- [Your task] Below are lines of records; copy exactly those from the one containing "Key sensitivity analysis." through the one containing "First time on", leaving the pictures behind.

- [Input data]
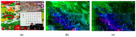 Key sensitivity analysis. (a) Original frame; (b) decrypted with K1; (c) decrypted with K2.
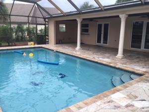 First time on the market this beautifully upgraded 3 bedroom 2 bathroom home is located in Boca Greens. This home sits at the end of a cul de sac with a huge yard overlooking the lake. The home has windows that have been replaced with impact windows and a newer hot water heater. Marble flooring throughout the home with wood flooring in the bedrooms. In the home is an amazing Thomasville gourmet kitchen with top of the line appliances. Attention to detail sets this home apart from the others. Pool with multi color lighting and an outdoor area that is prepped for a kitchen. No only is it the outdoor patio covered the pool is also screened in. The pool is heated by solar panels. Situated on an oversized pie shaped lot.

* * *

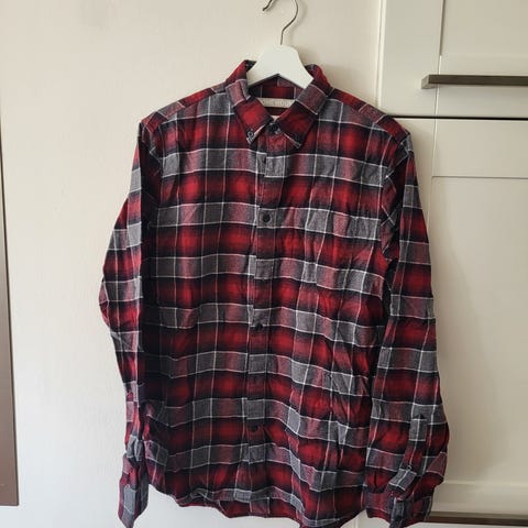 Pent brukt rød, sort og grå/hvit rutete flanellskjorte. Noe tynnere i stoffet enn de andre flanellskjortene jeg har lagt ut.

- [Your response]
 Key sensitivity analysis. (a) Original frame; (b) decrypted with K1; (c) decrypted with K2.
 First time on the market this beautifully upgraded 3 bedroom 2 bathroom home is located in Boca Greens. This home sits at the end of a cul de sac with a huge yard overlooking the lake. The home has windows that have been replaced with impact windows and a newer hot water heater. Marble flooring throughout the home with wood flooring in the bedrooms. In the home is an amazing Thomasville gourmet kitchen with top of the line appliances. Attention to detail sets this home apart from the others. Pool with multi color lighting and an outdoor area that is prepped for a kitchen. No only is it the outdoor patio covered the pool is also screened in. The pool is heated by solar panels. Situated on an oversized pie shaped lot.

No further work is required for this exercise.